I'm using lxml
-v 3.7.3, i'm trying to parse a list of html parts of code, change the value of some specific node attributes and then save them.
Basically this is my code:
from lxml import etree
# parsing of the html fragment
parser = etree.HTMLParser()
xhtml = etree.parse(io.StringIO('<a href="http://www.example.com">hello world</a>'), parser)
root = xhtml.getroot()
# change href from example.com to otherexample.com
[...]
# render the elements tree as a string
etree.tostring(root, encoding='unicode', method='html')
Output:
<html><body><a href='http://www.otherexample.com'>hello world</a></body></html>
The issue i have is that the tags <html>
and <body>
are always added to the rendered html.
What i need is the string <a href='http://www.otherexample.com'>hello world</a>
because what i'm processing is part of an HTML document, not the all document.

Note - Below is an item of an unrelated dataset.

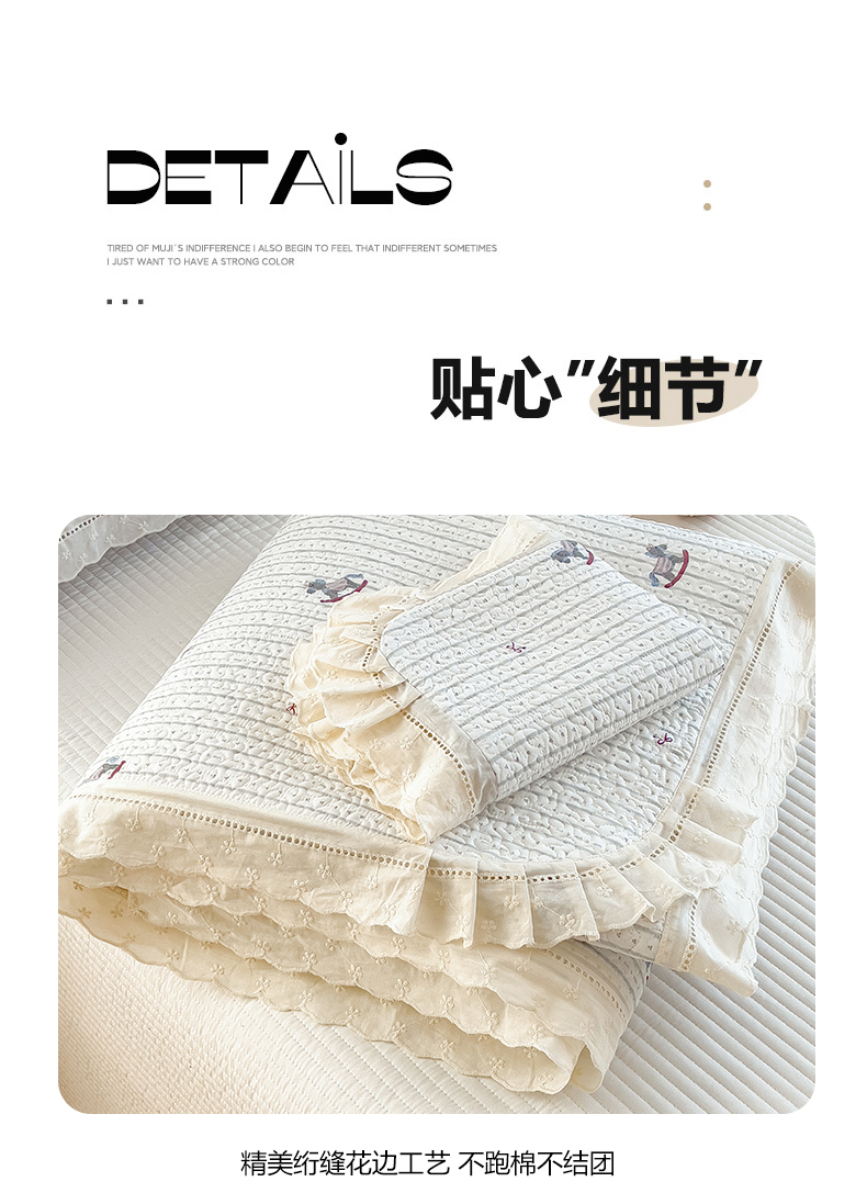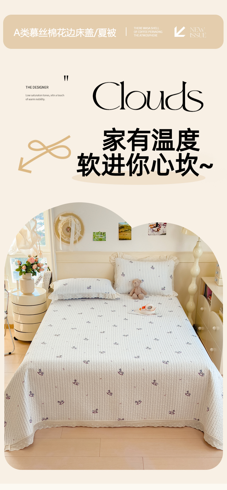 (总)叠派家纺 2026新款A类印花慕丝绵花边款床盖系列(抽空压缩可供跨境)提供买家秀,莫兰迪+浅紫,洛可可+粉,蓝庭叙+灰,锦芙+驼,金兰+黄,凡尔赛+粉,蓝漪+蓝,洛雅+黛紫,墨芳+灰,清漫+绿,波点序章+驼,青妍+粉,星心兔语+粉,熊兔叙+蓝,云菇森林+浅紫,木马童谣+灰,蛋糕熊+绿,甜梦熊+浅粉

I know i could just strip out the surrounding tags but it looks very hacky.
Any suggestions?
EDIT:
The markup i have in input is somewhere broken or not a proper HTML. This is an example:
<p><a href="http://www.example.com">hello world</a><script async src="//platform.twitter.com/widgets.js" charset="utf-8"></script><p>
Expected Output:
<p><a href="http://www.otherexample.com">hello world</a><script async src="//platform.twitter.com/widgets.js" charset="utf-8"></script><p>